Prior to Stanford, he was a professor of electrical engineering at the University of Erlangen–Nuremberg and an assistant professor of media technology at the MIT Media Lab.

==Research==
His research interests are in image and video coding, computer vision, and multimedia systems. In 1998, Bernd Girod was elevated to fellowship of the IEEE for contributions to the theory and practice of video communication.

Girod's research has been central in startup ventures, including Polycom, Vivo Software, 8x8, and RealNetworks. He holds nearly 40 patents.

== Professional activities ==
He is a Faculty Co-Director of the Stanford Center for Image Systems Engineering (SCIEN) and a Director of the Max Planck Center for Visual Computing and Communication. He was Founding Director of David and Helen Gurley Brown Institute for Media Innovations (2012–2015), a Senior Associate Dean for the Online Learning and Professional Development, School of Engineering at Stanford University (2012–2015), and a Senior Associate Dean at large for the School of Engineering at Stanford University (2015–2016).

He is currently an advisor of the Brown Institute for Media Innovation.

===Selected publications===
- Girod, Bernd (2011). "Mobile Visual Search"

- Girod, Bernd (2005). "Distributed Video Coding"

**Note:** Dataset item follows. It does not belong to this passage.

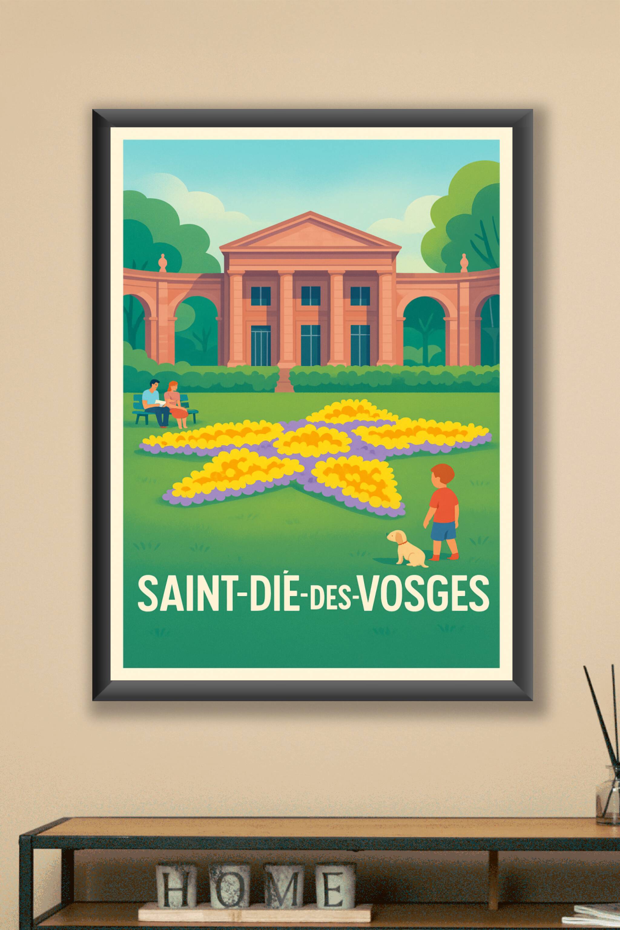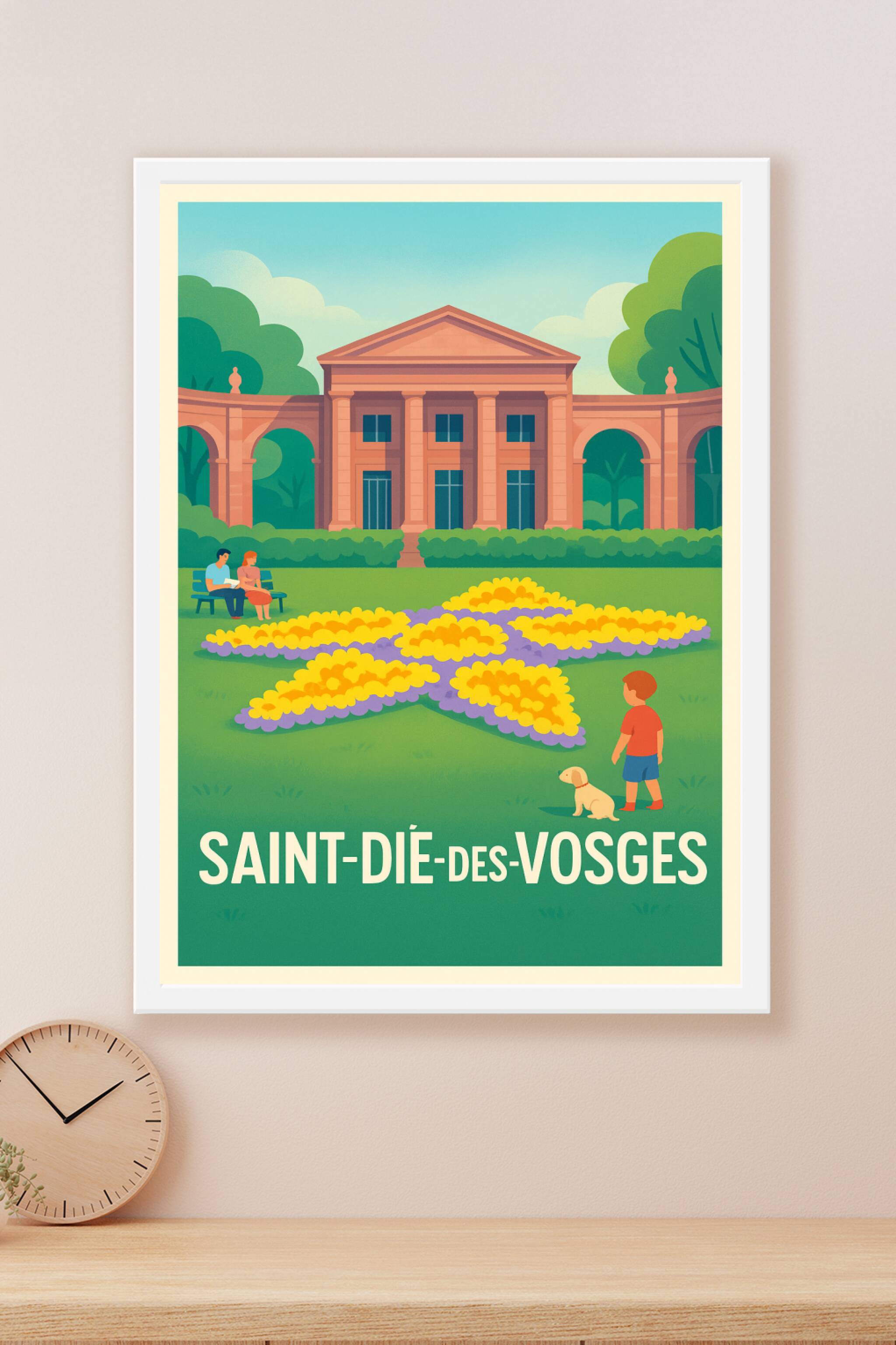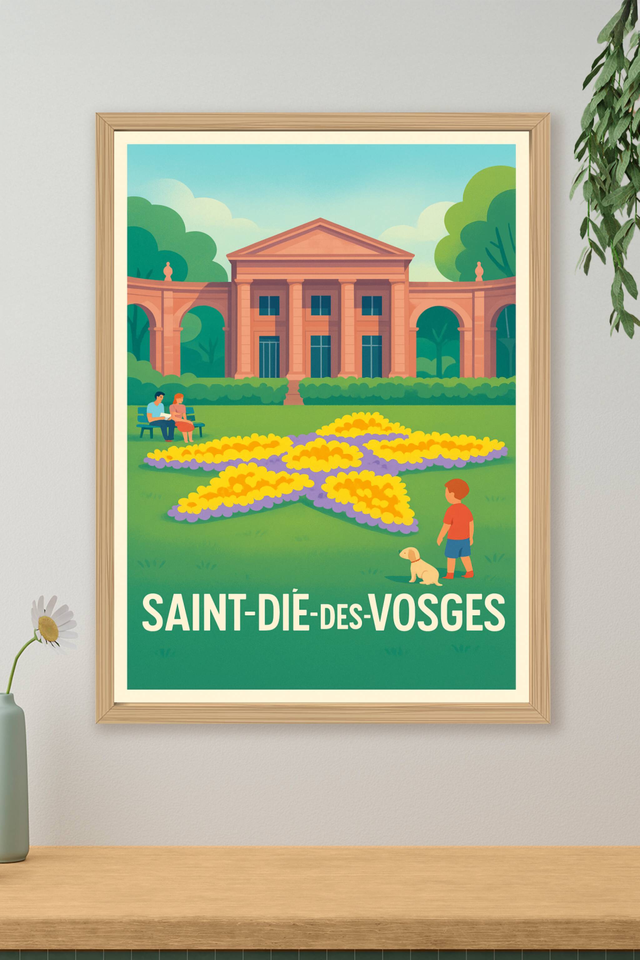 Découvrez l'élégance paisible de Saint-Dié-des-Vosges à travers cette affiche illustrée mettant en scène le célèbre jardin floral et son architectu...

- Girod, Bernd (1999). "Feedback-Based Error Control for Mobile Video Transmission"

==Awards and honors==
- Elected Member of the National Academy of Engineering 2015
- Technical Achievement Award, IEEE Signal Processing Society 2011, “for his contributions to the theory and practice of video communications, search and processing.”
- Elected Member of the German National Academy of Sciences (Leopoldina) 2007
- Fellow, IEEE 1998. His citation reads, “For contributions to the theory and practice of video communication.”